A decade ago, the US had the fourth worst record among a group of 19 industrialised countries in terms of deaths per 100,000 people from diseases that are amenable to treatment. These include infections, treatable cancers, diabetes, and heart and vascular disease, according to Ellen Nolte and Martin McKee of the London School of Hygiene and Tropical Medicine.

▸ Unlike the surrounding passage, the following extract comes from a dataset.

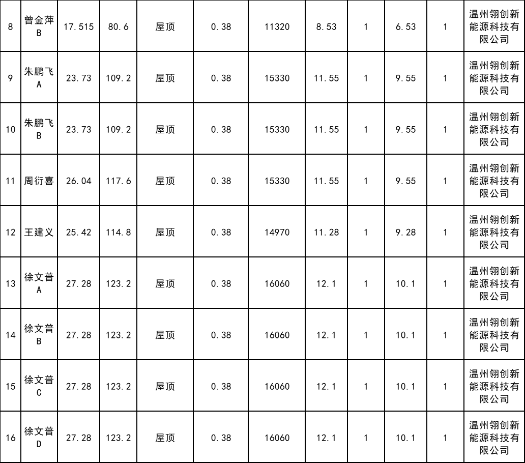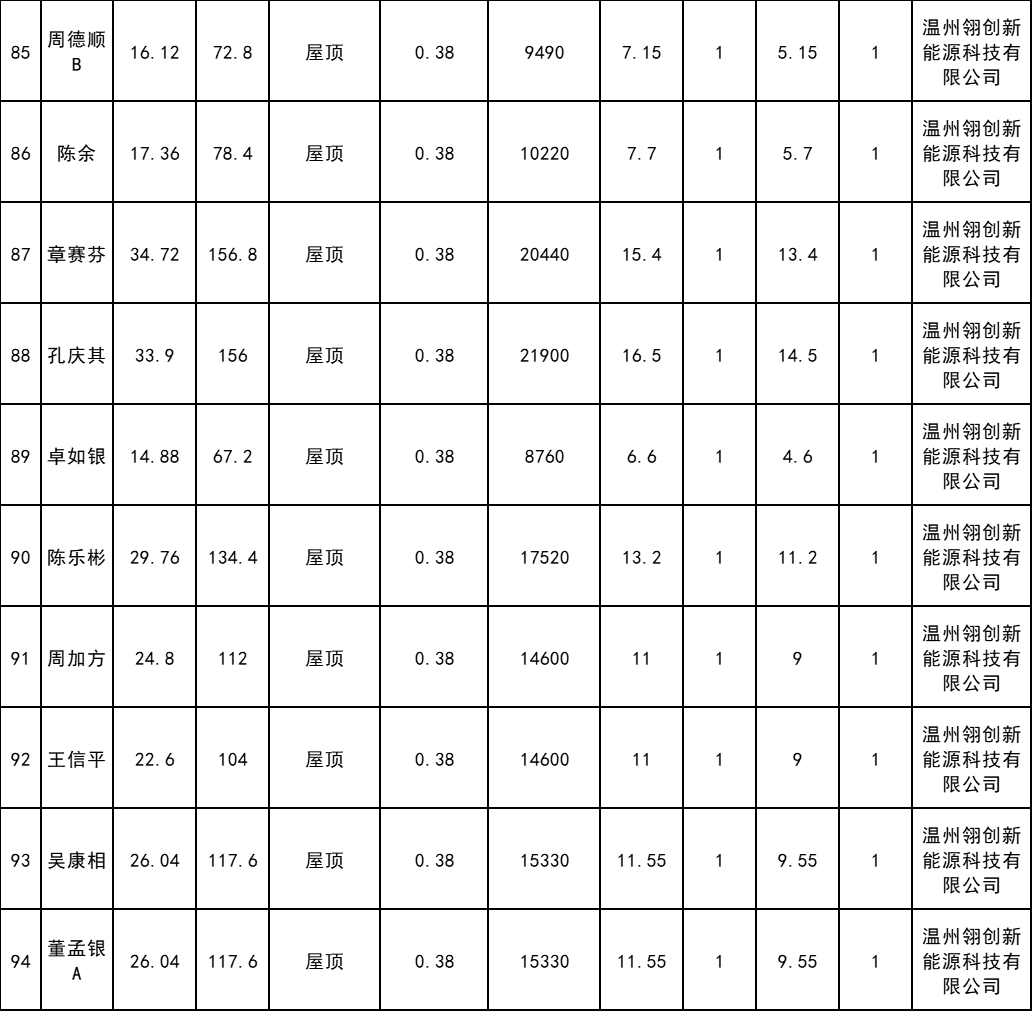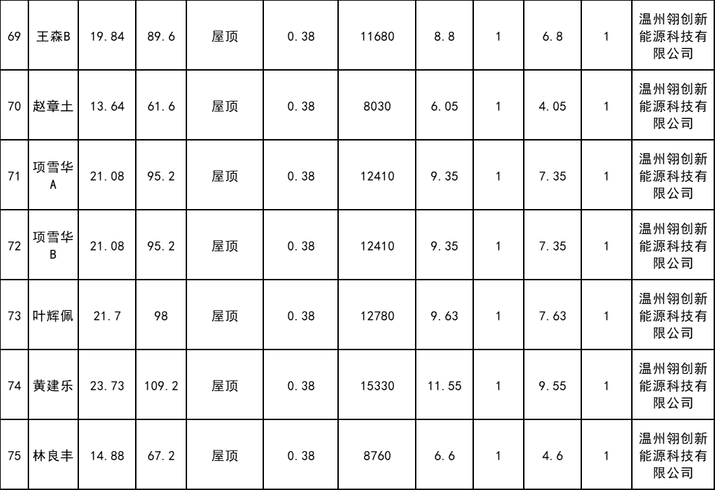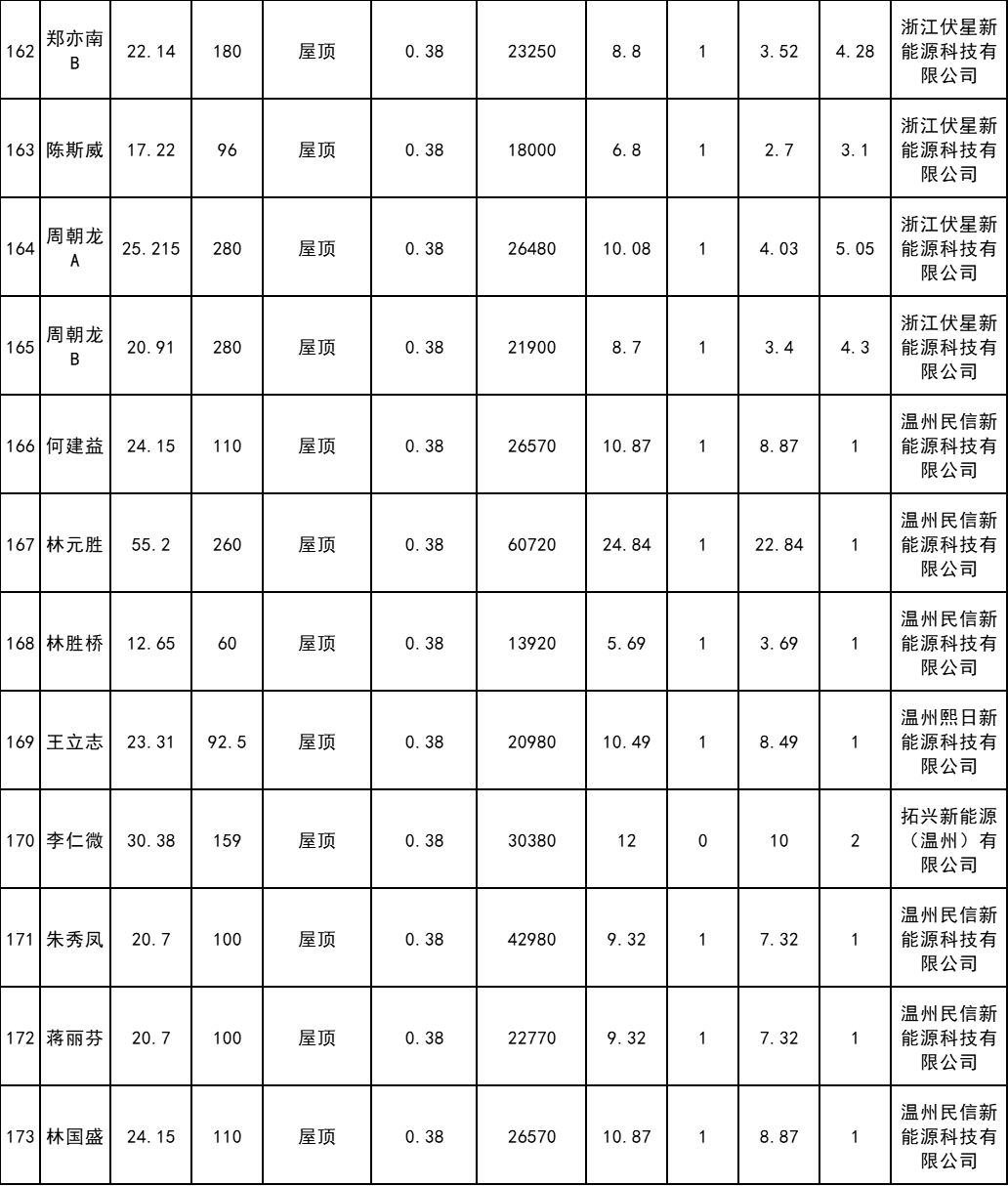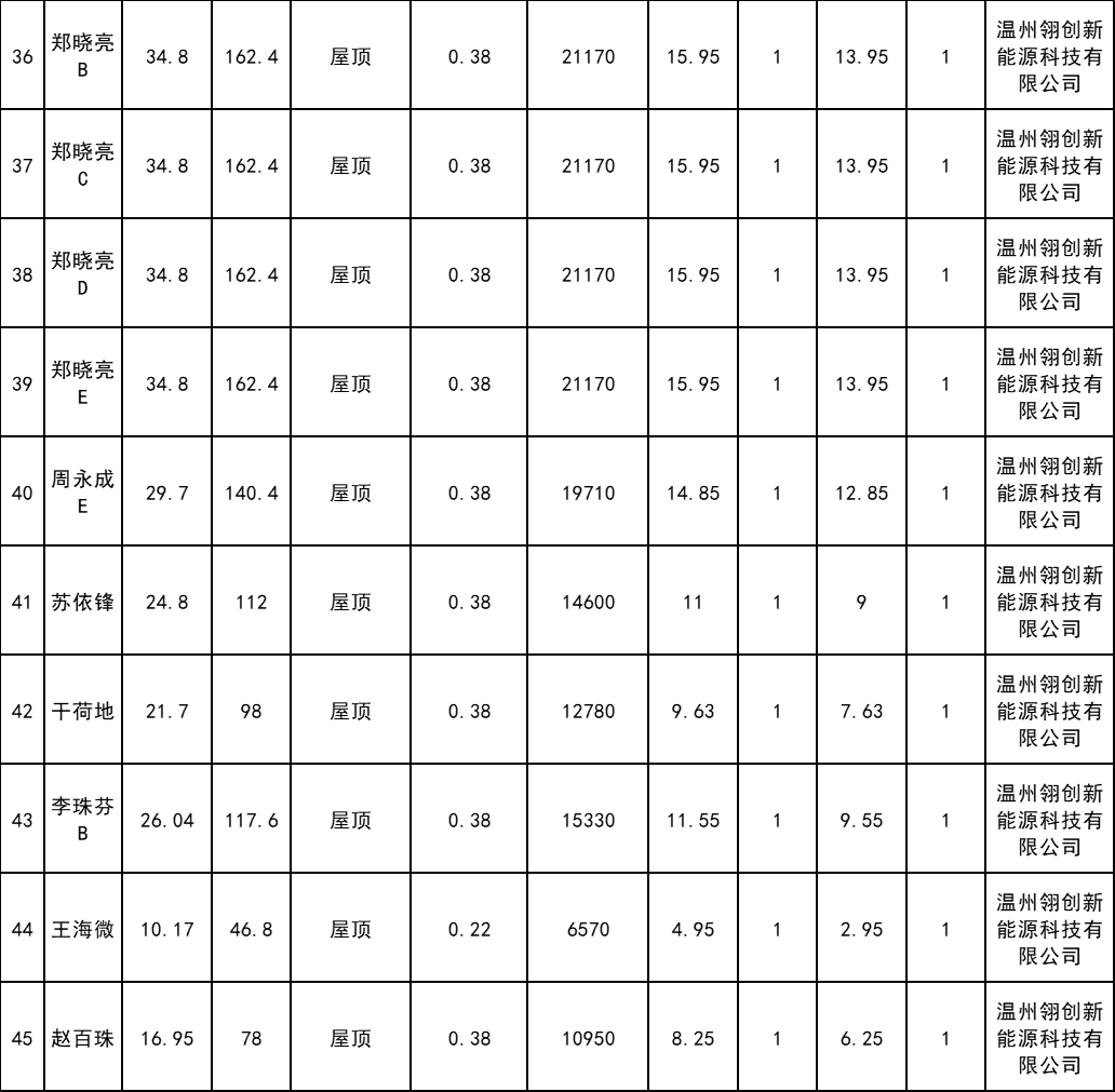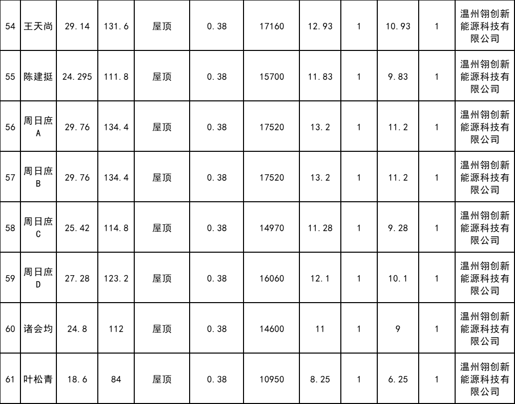 4月26日,樂清市發(fā)展和改革局發(fā)布關(guān)于樂清市2024年第六批居民家庭屋頂分布式光伏發(fā)電項目備案的通知,通知指出,本批次共有居民家庭屋頂分布式光伏發(fā)電項目182個,總裝機容量4502.31kWp,年平均發(fā)電量3305290kWh。 原文如下: 關(guān)于樂清市2024年第六批居民家庭屋頂分布式光伏發(fā)電項目備案的通知 國網(wǎng)浙江樂清市供電公司: 貴公司報送的樂清市居民家庭屋頂分布式光伏發(fā)電項目備案申請材料已收悉,根據(jù)《浙江省光伏發(fā)電項目管理暫行辦法》(浙發(fā)改能源〔2014〕450號)《樂清市人民政府關(guān)于扶持分布式光伏發(fā)電的若干意見》(樂政發(fā)〔2014〕29號),現(xiàn)予以集中備案,并就備案有關(guān)事項通知如下: 一、本批次共有居民家庭屋頂分布式光伏發(fā)電項目182個,總裝機容量4502.31kWp,年平均發(fā)電量3305290kWh。項目情況詳見附表。 二、本備案通知書有效期一年,自備案之日起計;有效期內(nèi)未開工建設(shè)的,貴公司應(yīng)在備案通知書有效期滿30日前向我局申請延期。逾期不報,備案通知書自動失效。 三、已備案項目發(fā)生變更的,應(yīng)辦理相應(yīng)的變更手續(xù)。 四、居民家庭屋頂分布式光伏發(fā)電項目屬自然人項目,我局委托貴公司組織驗收。 五、本備案通知書不可作為項目所依托的建筑物符合城鄉(xiāng)、土地等相關(guān)規(guī)劃的認(rèn)定依據(jù)。 附件:樂清市2024年第六批居民家庭屋頂分布式光伏發(fā)電項目表 樂清市發(fā)展和改革局 2024年4月26日 附件:樂清市2024年第六批居民家庭屋頂分布式光伏發(fā)電項目表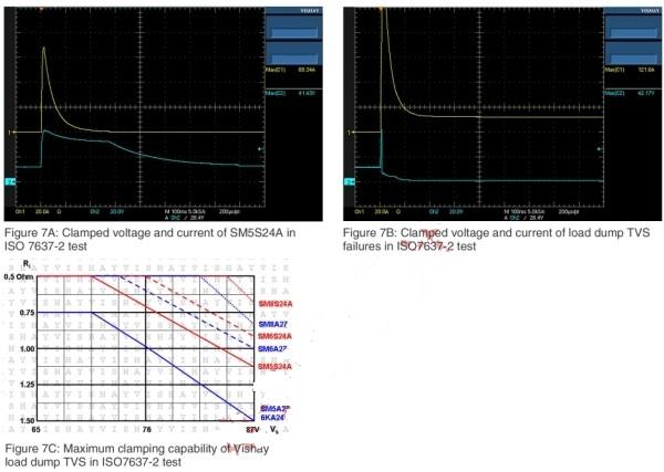 圖7A:ISO 7637-2測試中SM5S24A的鉗位電壓和電流。圖7B:ISO 7637-2測試中甩負(fù)荷TVS失效情況下的鉗位電壓和電流。圖7C:ISO 7637-2測試中Vishay甩負(fù)荷TVS的最大鉗位性能。

Over the succeeding five years, the number of such deaths in the US fell from 115 per 100,000 to 110. But other countries improved faster, leaving the US with the worst record, behind Portugal, Ireland and the UK, where the preventable death rate runs at 103 or 104 per 100,000.
“If the US performed as well as the top three countries in the study” – France, with 65 deaths per 100,000, and Japan and Australia, both with 71 per 100,000 – “there would have been 101,000 fewer deaths per year,” the authors write in the journal Health Affairs.
The study looks at preventable deaths below the age of 75 and found that while most countries had made big strides in reducing them over the past decade, with an average fall of 17 per cent, the US experienced only a 4 per cent decline.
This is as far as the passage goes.